Creating Conditions for Innovation

Image by Peggy und Marco Lachmann-Anke from Pixabay

The editorial team at the Corporate Learning Network has published two posts that consider the consider the challenge of innovating within established organizations. In Part 1 – Understanding Why Innovation is So Difficult they highlight how attention to daily tasks of current operations takes the attention away from investments of time and energy in innovations. Because new things disrupt current activities, forces are mounted to purge the innovators and their innovations to protect the current business. This leaves organizations with a dilemma because innovations are necessary for the future health of the enterprise.

In Part II – Structuring for Innovation the authors present the argument that innovative activities must be organized separately from ongoing business. They present examples illustrating how creating separate organizational units is essential to the success of genuinely innovative efforts. These examples include universities that organized distance learning efforts in separate units, and RCA which created a separate organization to launch television so that it would not be destroyed by managers of the established radio business.

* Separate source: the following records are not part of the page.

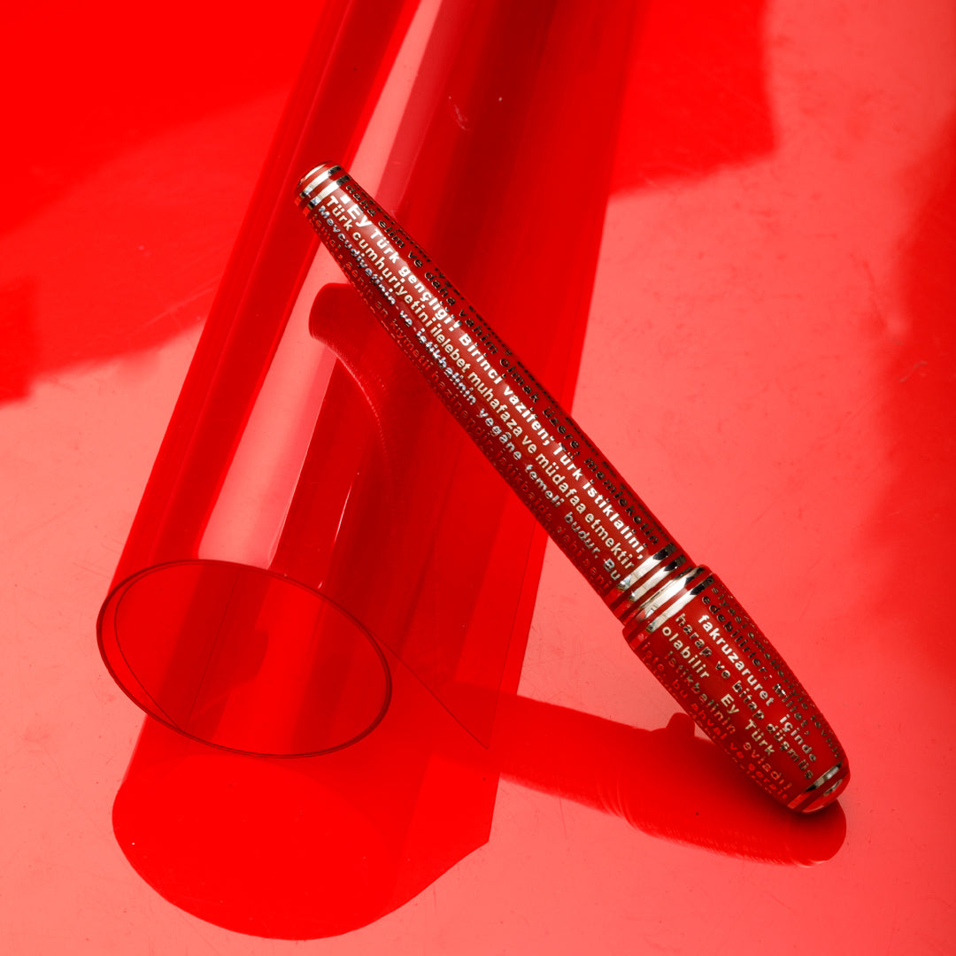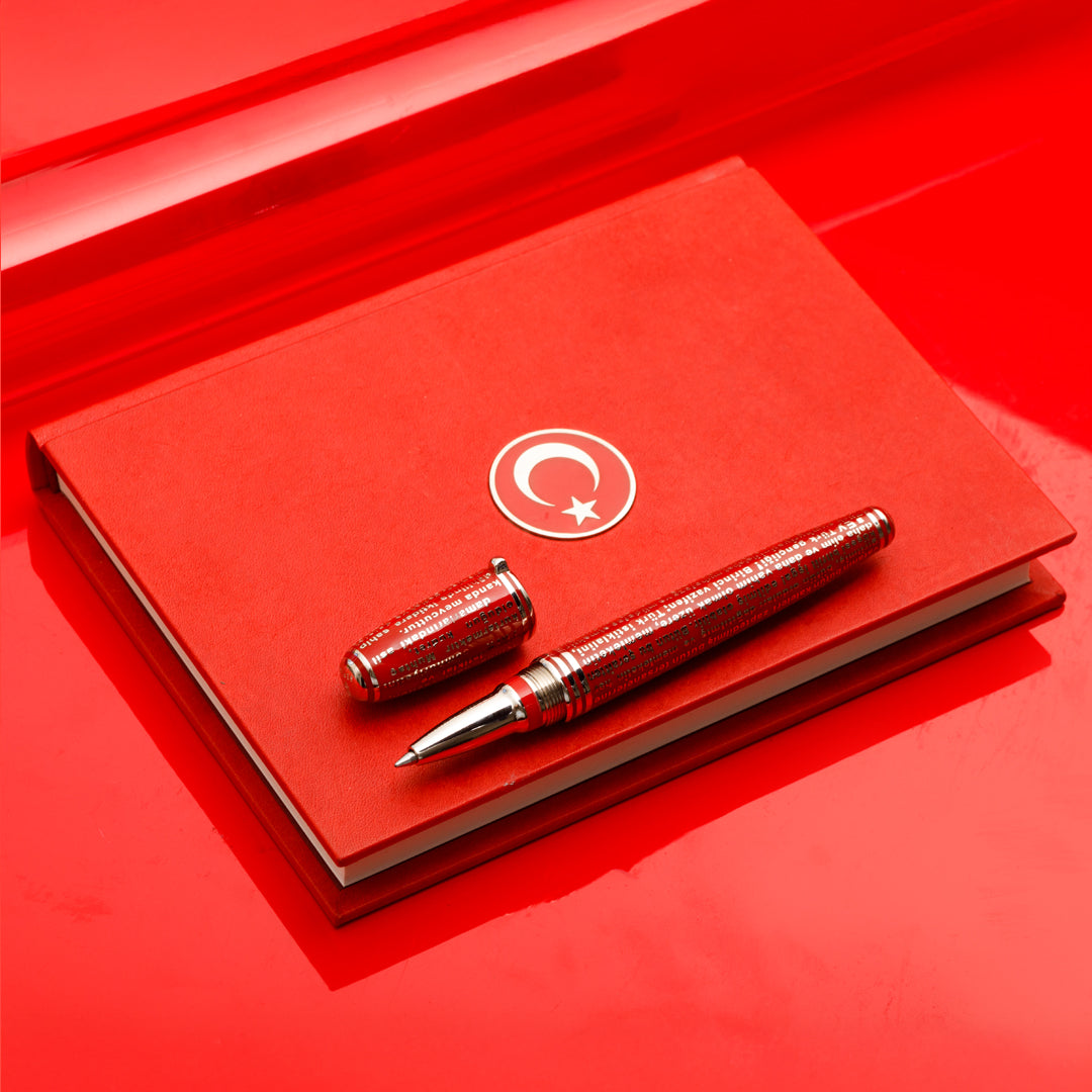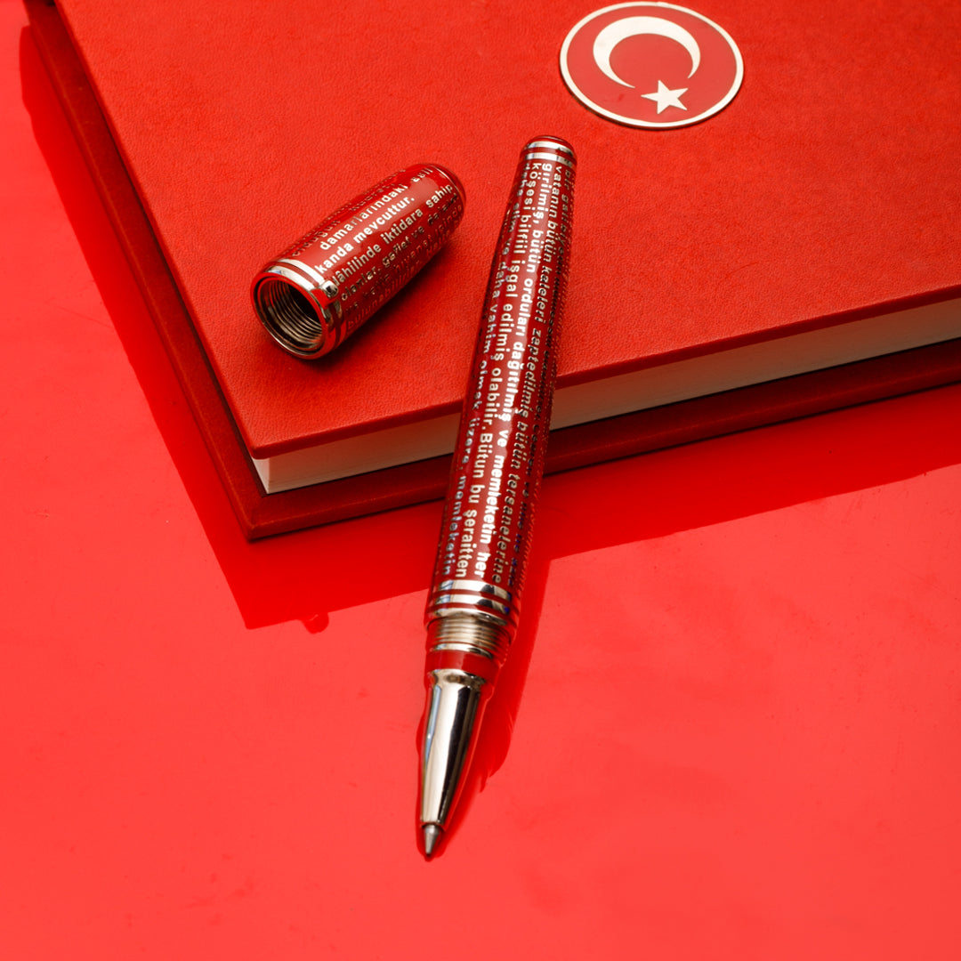 Bu özel tasarım roller kalem, Gençliğe Hitabe’nin ilham verici ruhundan esinlenerek üretildi. Cumhuriyetimizin temel değerlerini ve gençliğe bırakılan en büyük emanet olan istiklal ile istikbali simgeleyen bu kalem; yalnızca bir yazı aracı değil, aynı zamanda sorumluluk ve umudu hatırlatıcı bir anlam taşımaktadır.
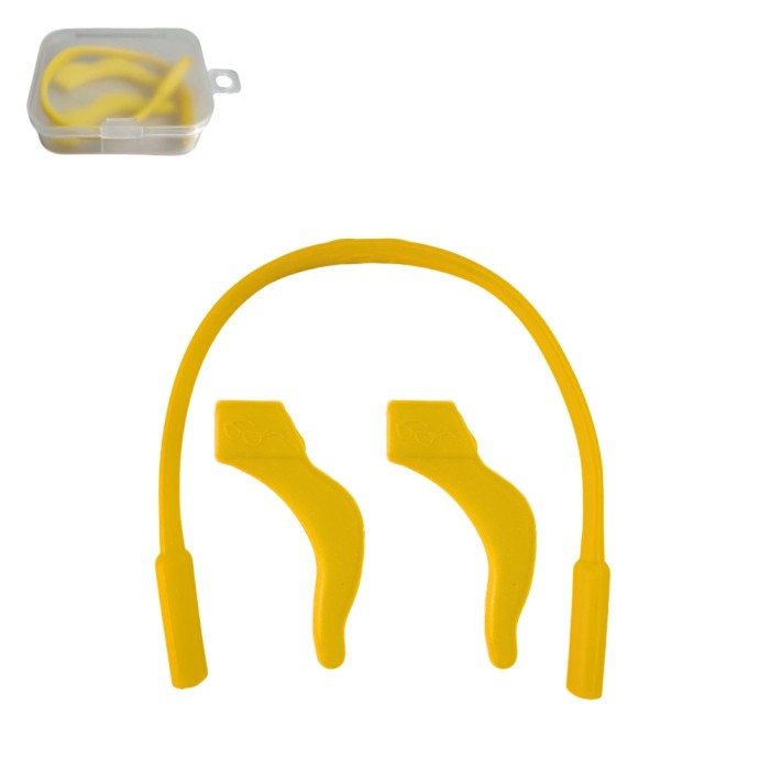 Pasek z silikonu do okularów + zausznik w etui dł.17x4 cm, kolor żółty
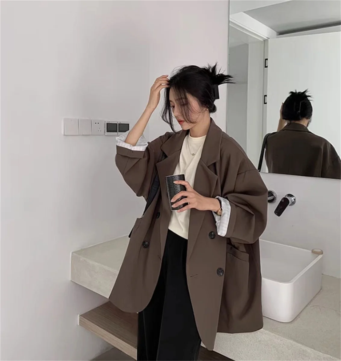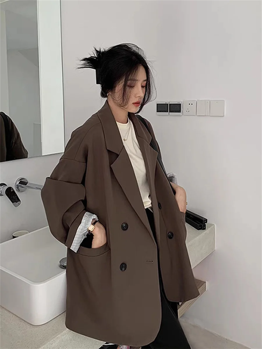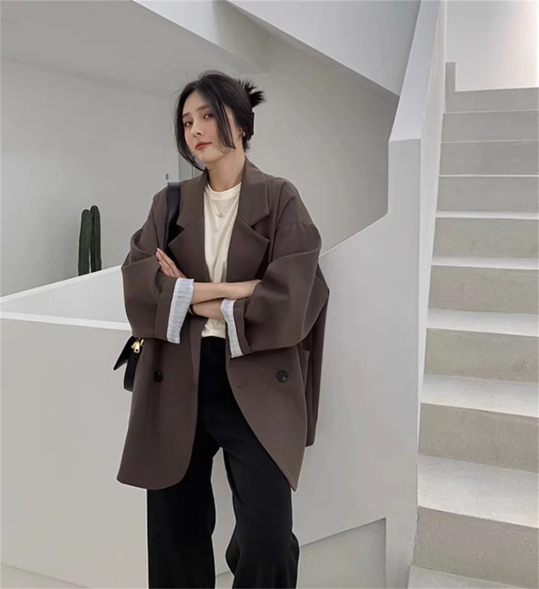 Purpdrank  Chic Black Blazer Casual Coat Streetwear Loose Jackets Solid Oversize Blazer Women Suit Korean Women's Clothing Student New

An interesting question for those of us focused on learning is how locating innovation efforts within existing units or creating separate units might impact opportunities for learning. Assuming that learning is essential to any innovation initiative, we can ask how the location of such an initiative might impact opportunities to learn. Although creating separate units for innovation efforts would seem to provide the distance to buffer new activities from established ones and allow for a focus on the innovation, such distance might also reduce opportunities to access the knowledge of those operating the existing business units. Over the longer term, separating innovations might also make it more difficult for existing units to access the learning of those managing the innovation effort.

The lesson seems to be that when innovation is located in a separate unit, steps might be taken to promote the flow information between regular operating units and the innovation unit. This could be done through the selection and assignment of staff, through hierarchical reporting and sharing of information or even through peer-to-peer communications, taking care in the latter case to maintain the buffer between the daily demands of current operations and the needs of the innovation initiative.